Drug discovery and development is an elaborate process involving multiple steps and requiring several years to reach the pharmacy shelf. The drug discovery usually starts with basic scientific research before it proceeds onto preclinical and clinical trials. Although different pharmaceutical companies adopt different approaches for drug discovery, the general procedure is usually common. For the ease of understanding, each of the steps involved will be sequentially discussed.
Step 1: Target identification and validation
This is the first step of the drug discovery process and involves determining the target. The term ‘target’ commonly refers to a cellular or molecular structure (such as gene, RNA transcript, proteins, or other molecules) that is linked to the disease for which the drug is being developed. Identification of the putative target often stems from academic research. Once the potential target is identified, functional information available on the target is collected from in vitro and in vivo studies. This process is referred to as target validation. The target validation process also involves the determination of the link between the target and the disease and whether the target is druggable. Therefore, a target that is well-established requires less effort to validate.
Step 2: Compound screening
Once the target is identified and successfully validated, high-throughput screening of a large number of potential drug candidates (usually a library of compounds) is performed. Screening of compounds is performed to determine the binding affinity/degree of interaction of the potential drug candidates and the validated target. For example, if the validated target is a protein kinase, potential drug candidates will be screened for their ability to inhibit the kinase activity. Often a cross-screening process is conducted to investigate whether the potential drug candidates interact with other related targets that can cause toxic effects.
Step 3: Hit validation
The potential drug candidates that show desired interaction with the target are selected. They are referred to as ‘hits’. The hits identified are then validated using several cell-based assays. These assays use different cultured cell lines and organoids to closely replicate the pathophysiological conditions. The cultured cell lines are chosen with appropriate cellular and genetic makeup. For example, genetic mutations associated with a disease can be easily incorporated in the cell lines via suitable genome editing technology. Using cell-based assays that closely replicate the in vivo conditions result in enhanced efficacy of hit validation.

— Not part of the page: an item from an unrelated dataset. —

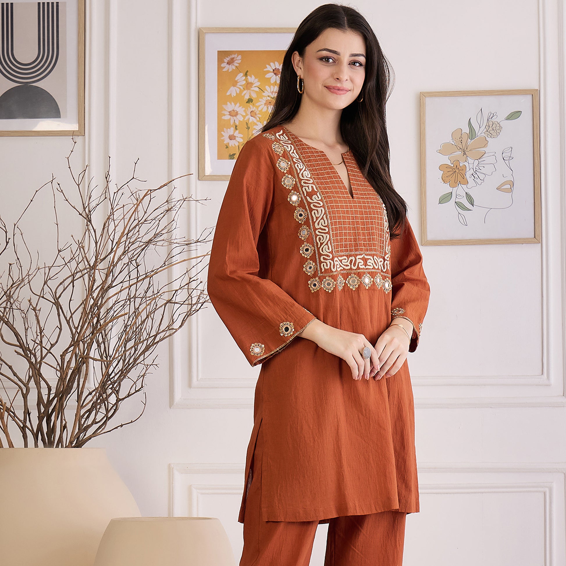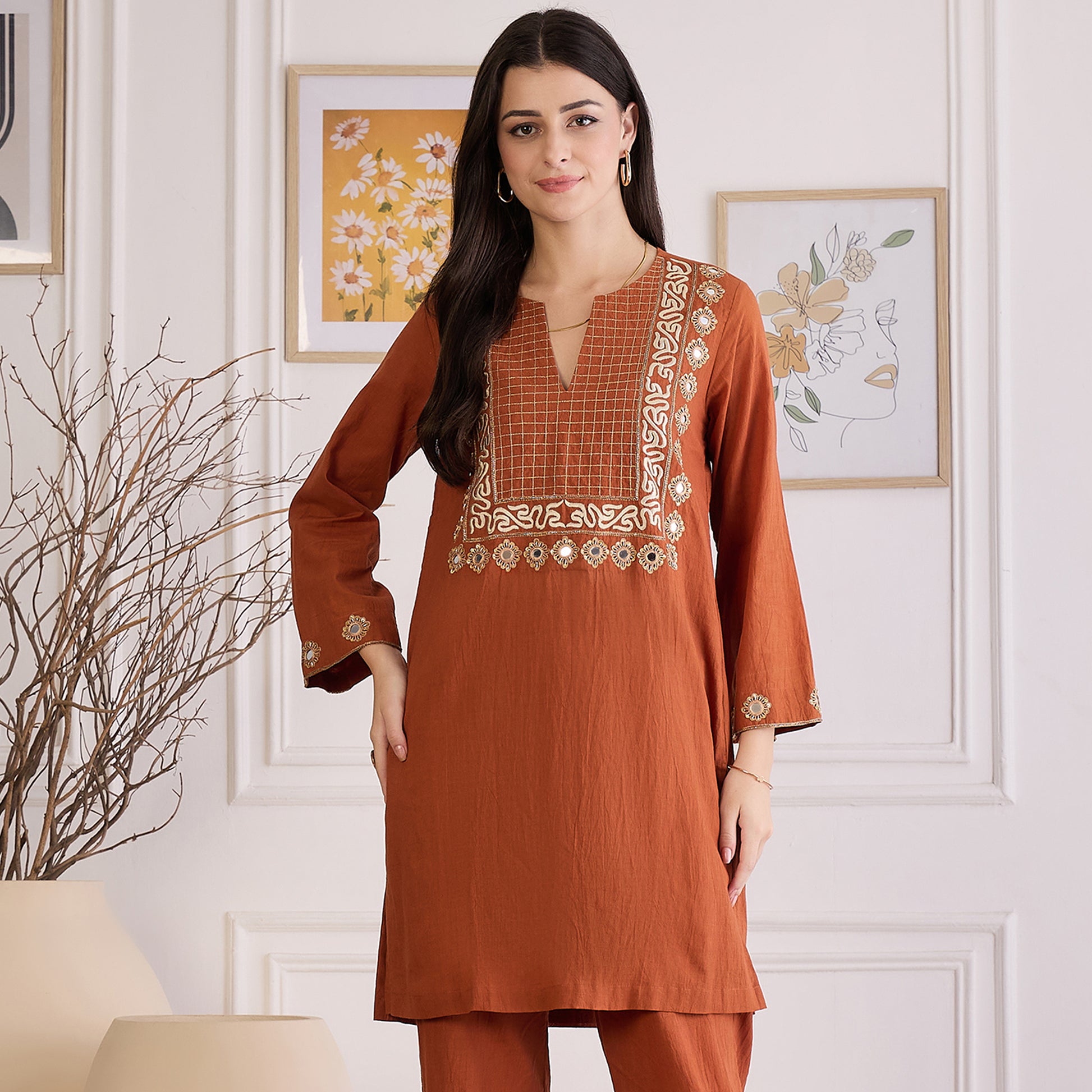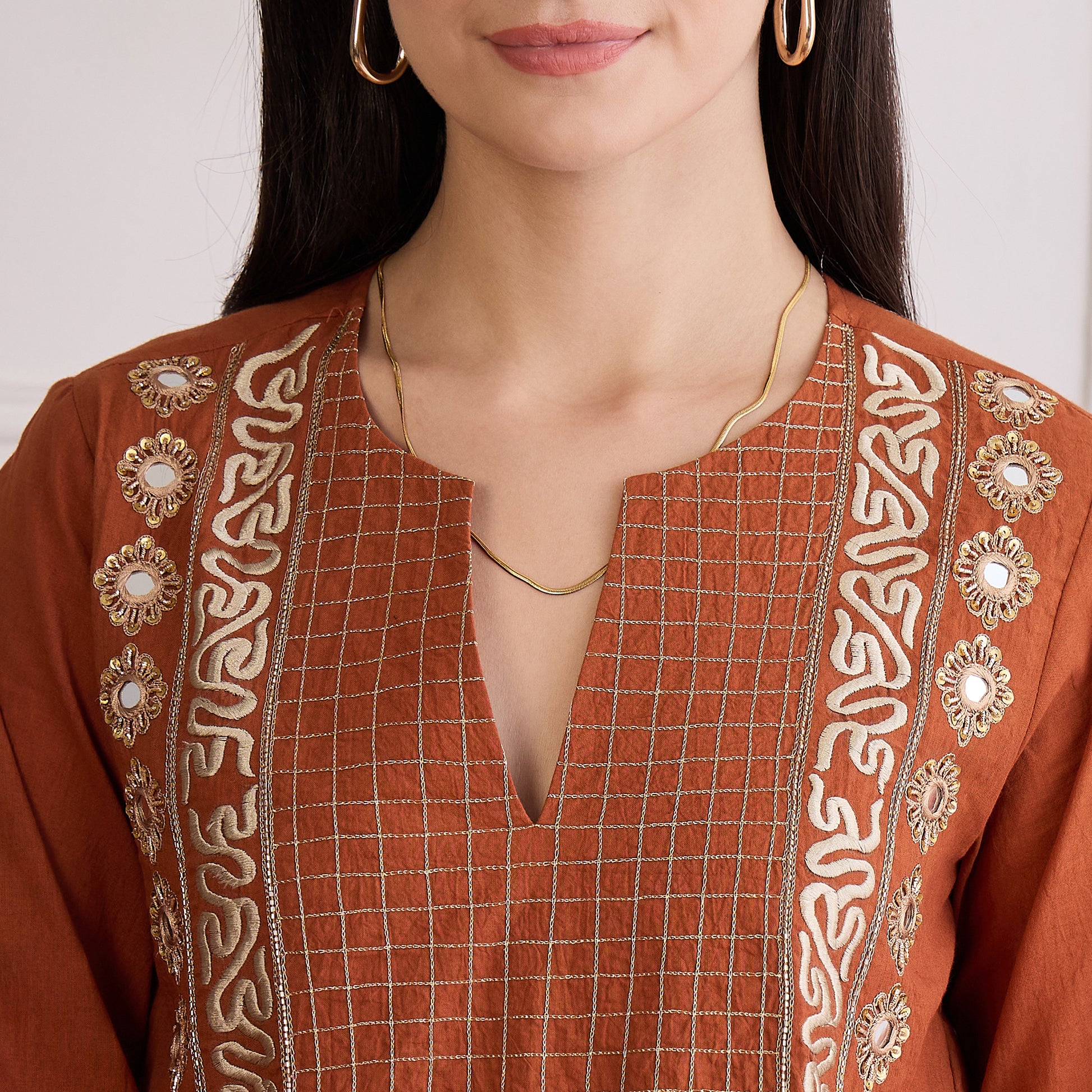 Earthy Brown Yoke Embroidered Kurta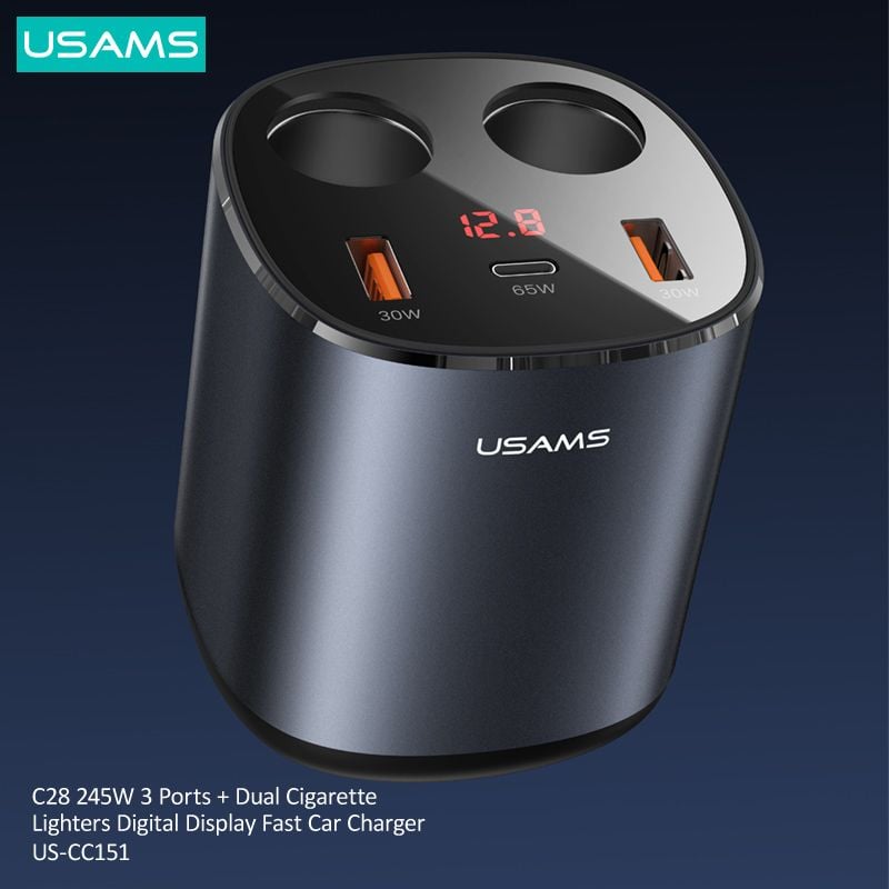 Hình Ảnh Tẩu Sạc Cho Ô Tô C+2A+2 Tẩu Nối Dài USAMS CC151 C28 245W (Digital Display Voltage)

Step 4: Lead identification and optimisation
Only a few identified hits can be ultimately validated. The validated hits are often referred to as ‘leads’. The leads are optimised and tested for their pharmacokinetics (including absorption, distribution, metabolism, and excretion), toxicity, and physiological stability. The testing is performed using cellular and animal models closely replicating the pathophysiological conditions. Genomic engineering is used to create a wide range of genetically engineered models that can be used to test the safety and efficacy of leads developed for genetic diseases. The testing of safety and efficacy of the selected leads using animal models is often referred to as ‘preclinical trial’. The pharmacology and toxicology testing of a new drug needs to be approved by regulatory agencies and needs to be conducted in a safe and ethical way.

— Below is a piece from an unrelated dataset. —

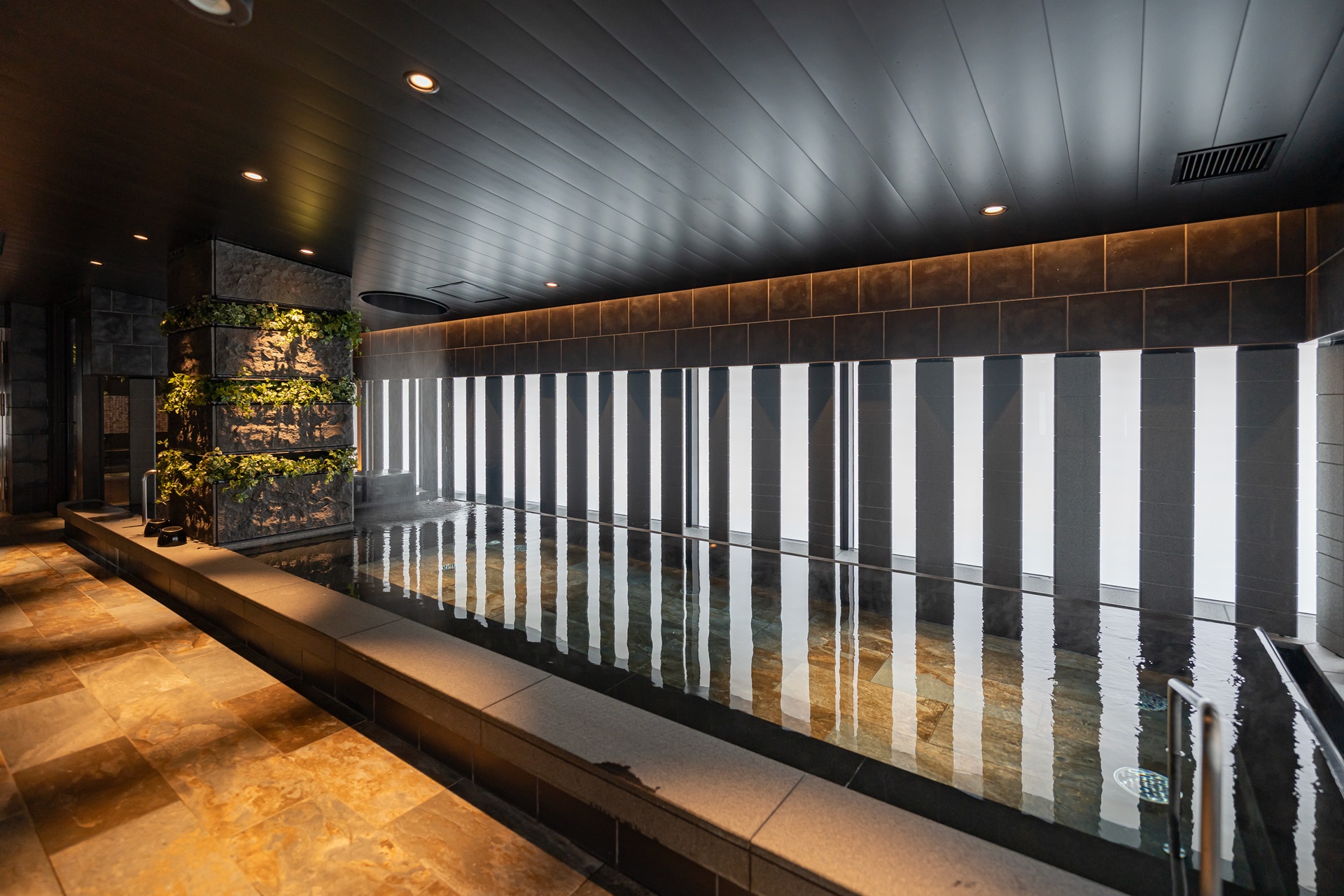 넓고 한편에서 미스트가 쉬지 않고 뿜어져 나오는 대욕장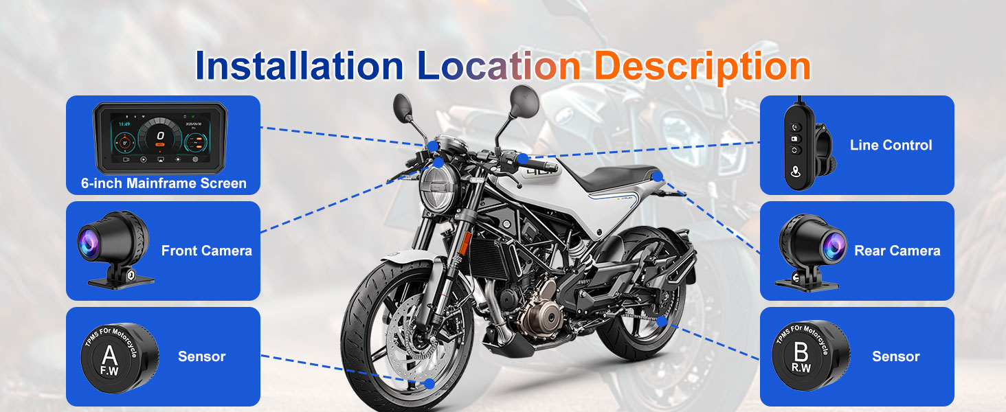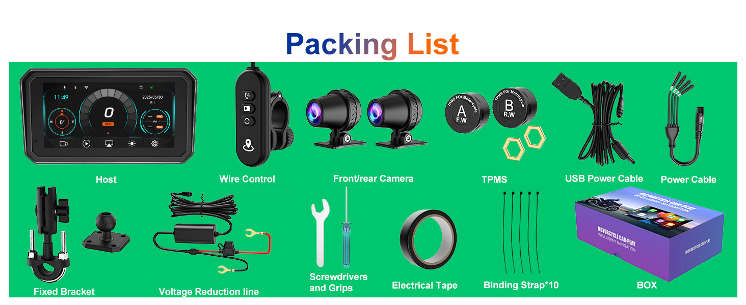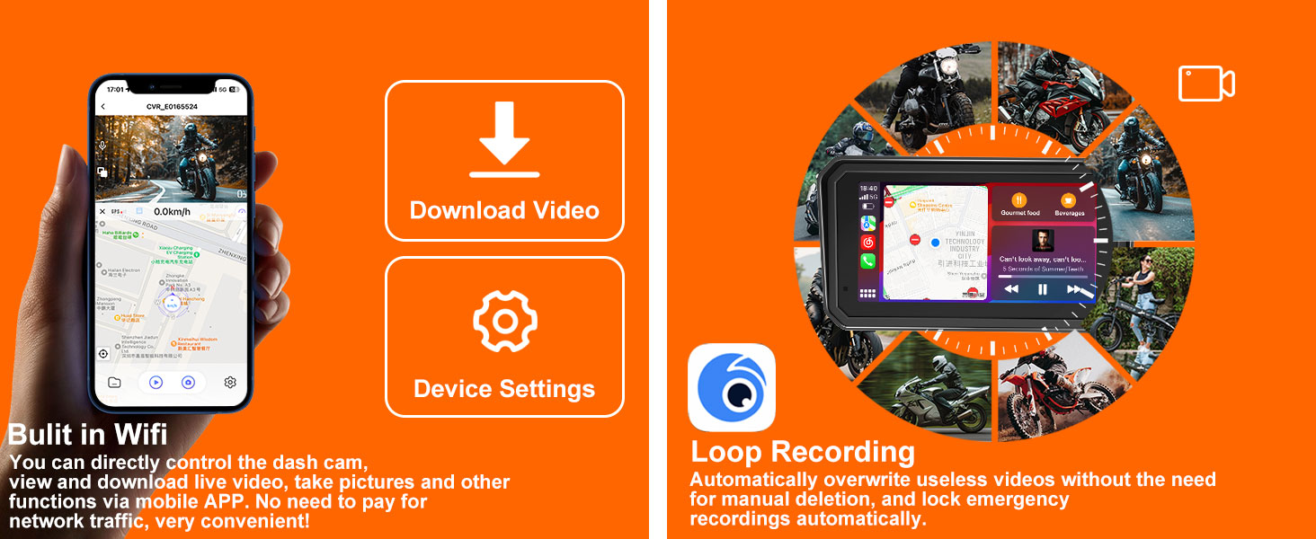 【6-Inch IPS Motorcycle Screen with TPMS Sensor】This dash cam for motorcycle carplay unit features a 6-inch IPS screen with 1440x720 resolution, wide viewing angle and high contrast for clear images. Built-in WiFi lets you control the dash cam by app to view, download and take photos, integrating a compact motorcycle camera system and motorcycle gps navigation system gps para motos.

Step 5: Clinical trial and approval by regulatory authorities
Once the preclinical studied are successfully concluded, the chosen candidate(s) (one or only a few compounds) proceed to clinical trials. The clinical trials are conducted among human volunteers to test the safety and efficacy with respect to current therapeutic measures, and to determine the dosage. Clinical trials consist of five phases (including phase 0). They are:
Phase 0: This stage includes the first-in-human trial performed in accordance with FDA guidelines. It usually involves the collection of pharmacokinetic data or imaging of targets without causing a pharmacological impact on a small group of 10 to 15 volunteers who are involved in this phase.
Phase 1: This phase involves 20 to 80 volunteers with the disease or condition being studied. Safety and dosage of the drug candidate are determined in this phase. Almost 70% of the drug candidates in phase 1 proceed to the next phase.

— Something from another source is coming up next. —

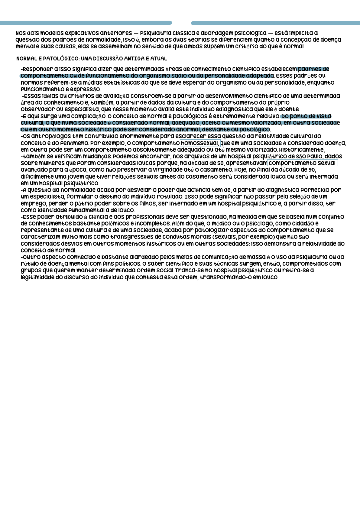 Normal e patológico Livro Nos dois modelos explicativos anteriores — Psiquiatria clássica e abordagem psicologica — está implícita a questao dos padroes de normalidade, isto é, embora as duas teorias se diferenciem quanto a concepçao de doença mental e suas causas, elas se assemelham no sentido de que ambas supõem um critério do que é normal. NORMAL E PATOLÓGICO: UMA DISCUSSÃO ANTIGA E ATUAL -Responder a isso significa dizer que determinadas áreas de conhecimento científico estabelecem padrões de comportamento ou de funcionamento do organismo sadio ou da personalidade adaptada. Esses padrões ou normas referem-se a médias estatísticas do que se deve esperar do organismo ou da personalidade, enquanto funcionamento e expressão. -Essas idéias ou critérios de avaliação constroem-se a partir do desenvolvimento científico de uma determinada área do conhecimento e, também, a partir de dados da cultura e do comportamento do próprio observador ou especialista, que nesse momento avalia este indivíduo ediagnostica que ele é doente. -E aqui surge uma complicação. O conceito de normal e patológicos é extremamente relativo. Do ponto de vista cultural, o que numa sociedade é considerado normal, adequado, aceito ou mesmo valorizado, em outra sociedade ou em outro momento histórico pode ser considerado anormal, desviante ou patológico. -Os antropólogos têm contribuído enormemente para esclarecer essa questão da relatividade cultural do conceito e do fenômeno. Por exemplo, o comportamento homossexual, que em uma sociedade é considerado doença, em outra pode ser um comportamento absolutamente adequado ou até mesmo valorizado. Historicamente, -também se verificam mudanças. Podemos encontrar, nos arquivos de um hospital psiquiátrico de São Paulo, dados sobre mulheres que foram consideradas loucas porque, na década de 50, apresentavam comportamento sexual avançado para a época, como não preservar a virgindade até o casamento. Hoje, no final da década de 90, dificilmente uma jovem que tiver relações sexuais antes do casamento será considerada louca ou será internada em um hospital psiquiátrico. -A questão da normalidade acaba por desvelar o poder que aciência tem de, a partir do diagnóstico fornecido por um especialista, formular o destino do indivíduo rotulado. Isso pode significar não passar pela seleção de um emprego, perder o pátrio poder sobre os filhos, ser internado em um hospital psiquiátrico e, a partir disso, ter como identidade fundamental a de louco. -Esse poder atribuído à ciência e aos profissionais deve ser questionado, na medida em que se baseia num conjunto de conhecimentos bastante polêmicos e incompletos. Além do que, o médico ou o psicólogo, como cidadão e representante de uma cultura e de uma sociedade, acaba por patologizar aspectos do comportamento que se caracterizam muito mais como transgressões de condutas morais (sexuais, por exemplo) que não são considerados desvios em outros momentos históricos ou em outras sociedades: isso demonstra a relatividade do conceito de normal. -Outro aspecto conhecido e bastante alardeado pelos meios de comunicação de massa é o uso da Psiquiatria ou do rótulo de doença mental com fins políticos. O saber científico e suas técnicas surgem, então, comprometidos com grupos que querem manter determinada ordem social. Tranca-se no hospital psiquiátrico ou retira-se a legitimidade do discurso do indivíduo que contesta esta ordem, transformando-o em louco.

Phase 2: A few hundred participants are included in this phase. Efficacy and side-effects of the drug candidate are determined. About 33% of the drug candidates in this phase proceed to the phase 3 of the clinical trial.
Phase 3: This phase includes about 300 to 3000 volunteers. Drug efficacy and adverse reactions are monitored in this phase. About 25-30% of the drugs monitored in this phase reach the next phase of the clinical trial (i.e., drug approval).
Phase 4: Upon successful completion of phase 3 of the clinical trial, the approval from the FDA and other regulatory authorities are sought for the drug marketing. The final phase of a clinical trial is conducted to assess the post-market safety of the approved drug. Therefore, phase 4 is also referred to as the post-marketing surveillance to monitor adverse events.